3.2 Value type per key
body_sha256 → string (27 rows)
canonical_address → string (27 rows)
source_span → object (27 rows; shape: {start_line:int, end_line:int})
§4 — Targeted Key Searches
4.1 Authority-like keys
ILIKE filters tested: '%authority%', '%enacted%', '%draft%', '%runtime%', '%birth%', '%gate%'
keys_found: NONE (0 rows)
4.2 Format-version-like keys
ILIKE filters tested: '%version%', '%format%', '%schema_v%'
keys_found: NONE (0 rows)
4.3 Address-like keys
ILIKE filters tested: '%address%', '%canonical%', '%path%', '%citation%', '%dieu%', '%section%'
keys_found:
canonical_address → 27 rows
Only canonical_address matches — and it duplicates the column value.
§5 — Sample Shapes (verbatim)
// row id 09e5a5a5-… canonical_address column = "D38-DIEU28-ROOT"
{
"body_sha256": "e3b0c44298fc1c149afbf4c8996fb92427ae41e4649b934ca495991b7852b855",
"source_span": {
"end_line": 1,
"start_line": 1
},
"canonical_address": "D38-DIEU28-ROOT"
}
// row id 2bab00a6-… canonical_address column = "D38-DIEU28-S0"
{
"body_sha256": "87c2850b9bd87854abd5bb9d57576f7fb01cb123fb9bc94888bfa76945e32704",
"source_span": {
"end_line": 8,
"start_line": 2
},
"canonical_address": "D38-DIEU28-S0"
}
Observation: body_sha256 value e3b0c4…b7852b855 is the SHA-256 of the empty string (well-known constant). Several "ROOT" or section-header rows store this sentinel, indicating the row's body content is empty/heading-only.
§6 — Does Authority-Like Data Already Exist?
authority_already_stored_in_identity_profile: NO
authority_already_stored_elsewhere_on_tac_logical_unit: NO
nearest_existing_concept:
- lifecycle_status (text, FK to tac_lu_lifecycle_vocab)

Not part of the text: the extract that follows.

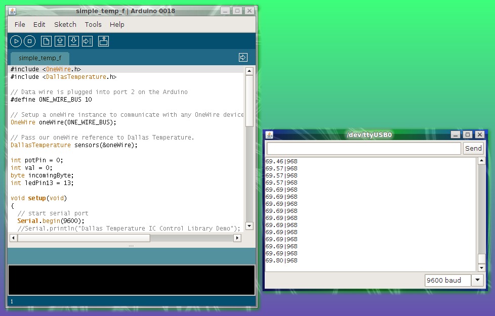 Now that you've installed and tested kst with a static data file, it's time to program the Arduino to sense the environment (temperature and light level), then stream the data out over the USB line to the notebook.

- currently all 86 rows show value 'draft_only'
- SEMANTICALLY DISTINCT from P0-1 authority enum {enacted, draft, runtime}
- lifecycle_status governs publication lifecycle; authority governs Đ0-G birth-gate distinction
v0_2_phase_alpha_implication:
adding an explicit `authority` column to tac_logical_unit is SAFE from double-storage risk
(nothing to reconcile against existing jsonb; only thing to coordinate with is lifecycle_status — and they govern different concerns)
§7 — Does Format-Version-Like Data Already Exist?
format_version_already_stored_in_identity_profile: NO
format_version_already_stored_elsewhere_on_tac_logical_unit: NO
canonical_address_format_implied_by_data: D{doc}-DIEU{N}-{S|ROOT}[-P{n}][-{n}] (consistent across all 86 production rows)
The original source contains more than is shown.